The United States is leading a coalition of countries that have spent the past year striking at IS militants, weaponry and machinery from the air but has made little progress in meeting President Barack Obama’s goal to "degrade and destroy" the group, which has also beheaded hostages, including some Americans.

Al-Hayali oversaw the IS in Iraq, where he planned operations over the past two years, including an offensive the group launched in Mosul in June 2014. He was a member of al-Qaida in Iraq, the predecessor group to IS.

Also killed in Tuesday’s airstrike was an IS media operative known as Abu Abdullah.

Price characterized al-Hayali’s death as a blow to the organization because his influence spanned finance, media, operations and logistics for the group.

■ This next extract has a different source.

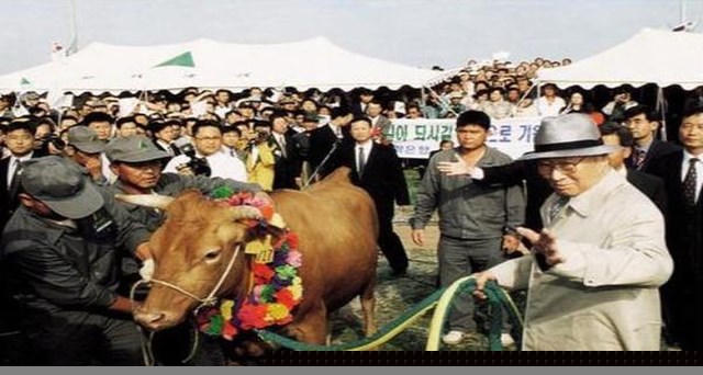 Đó là một trong 1.001 con bò được Chung Ju Yung tặng nông dân làng Asan - nơi ông sinh ra và lớn lên. Một trong những dự án chính của Ju Yung trong chuyến đi trên là thương nghị với Chính phủ Bình Nhưỡng về công trình khu du lịch tại núi Keumgang thuộc địa phận của Triều Tiên. Tuy nhiên, vào ngày 21/3/2001, Chung Ju Yung đã mất trước khi toàn bộ công trình hoàn thành...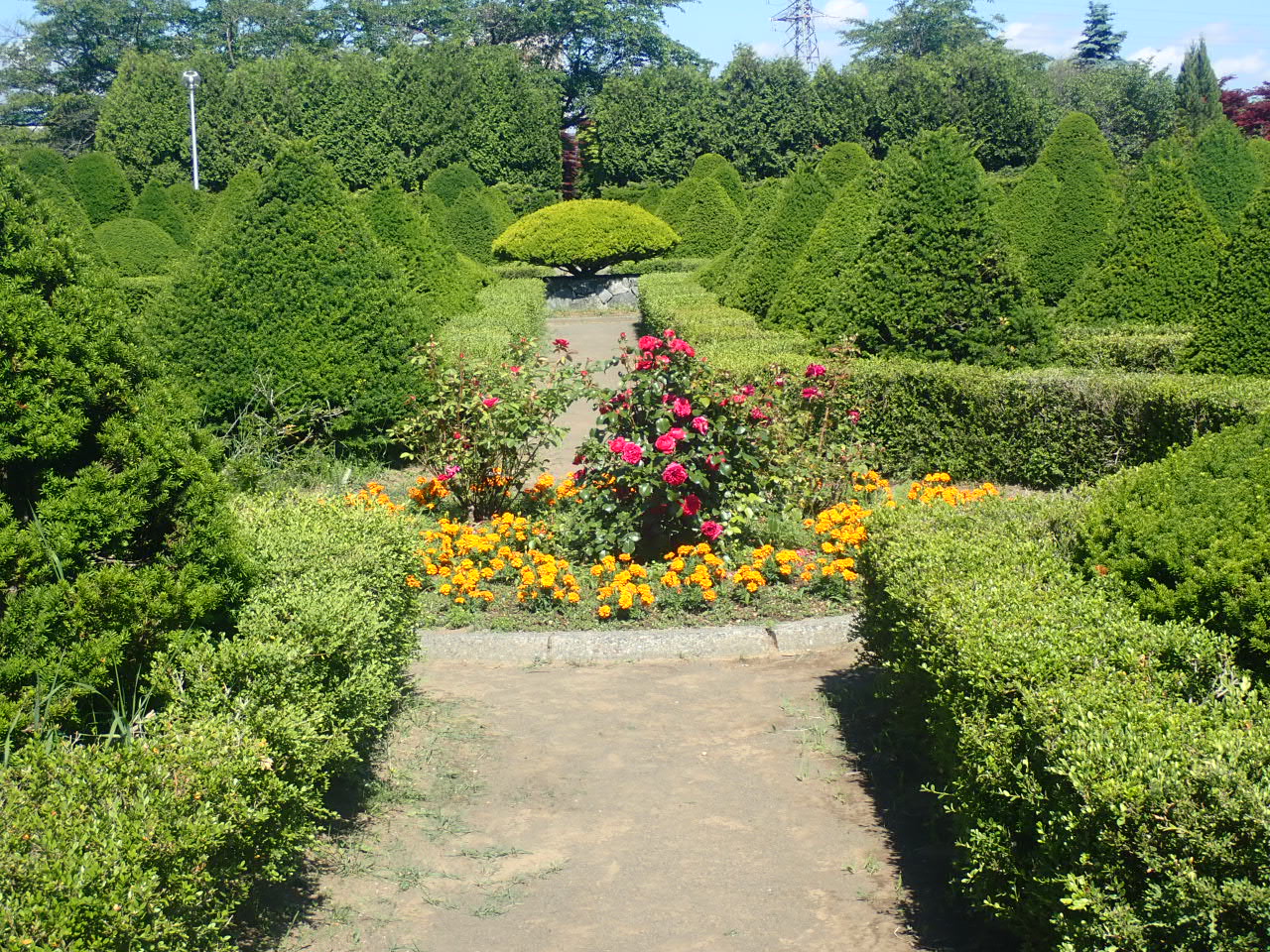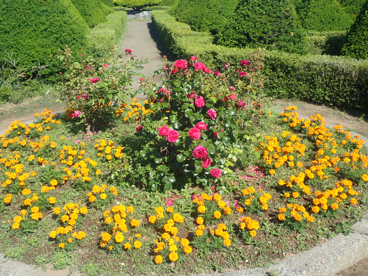 西洋庭園では、マリーゴールドとバラが咲いています。

But his removal from the scene is unlikely to affect IS operations or weaken the group and will most likely lead to even tighter security and secrecy around al-Baghdadi, whom Iraqi intelligence officials say has mostly kept out of sight since he was wounded in an Iraqi airstrike near the Syrian border.

The IS leader uses hand-delivered mail to communicate with leaders of the group, shunning the use of more traceable telephones or email. He has recently, according to the officials, brought to his inner circle former fellow inmates from his time at the U.S.-run detention facility known as Bocca in southern Iraq, where he was held nearly 10 years ago.

One of the Iraqi officials said al-Baghdadi’s deputy was traveling in a white SUV with Abu Abdullah and two escorts when they were hit by the American airstrike at 8:30 a.m. local time. The two escorts were also killed, the official said.

A Pentagon spokesman, Navy Capt. Jeff Davis, said al-Hayali was an Iraqi national and had been a member al-Qaida’s Iraq affiliate during the U.S. war in Iraq. Davis said al-Hayali had been detained by U.S. forces in early 2005 for his al-Qaida connection and turned over to the Iraqi government a short time later.

"He admitted at this time, in 2005, to being a bookkeeper for al-Qaida in Iraq and involvement in weapons trafficking and support for extremist operations," Davis said.

Davis said it is believed that he served as military emir for IS in Baghdad and then headed the group’s presence in Iraq’s Ninewa province between 2001 and 2012. Al-Hayali also was a conduit between al-Qaida in the Arabian Peninsula and IS senior leadership, Davis said.

Davis would not provide additional details about the U.S. airstrike that killed al-Hayali, saying only that a fixed-wing aircraft carried it out. He would not say whether that was a drone or a piloted aircraft.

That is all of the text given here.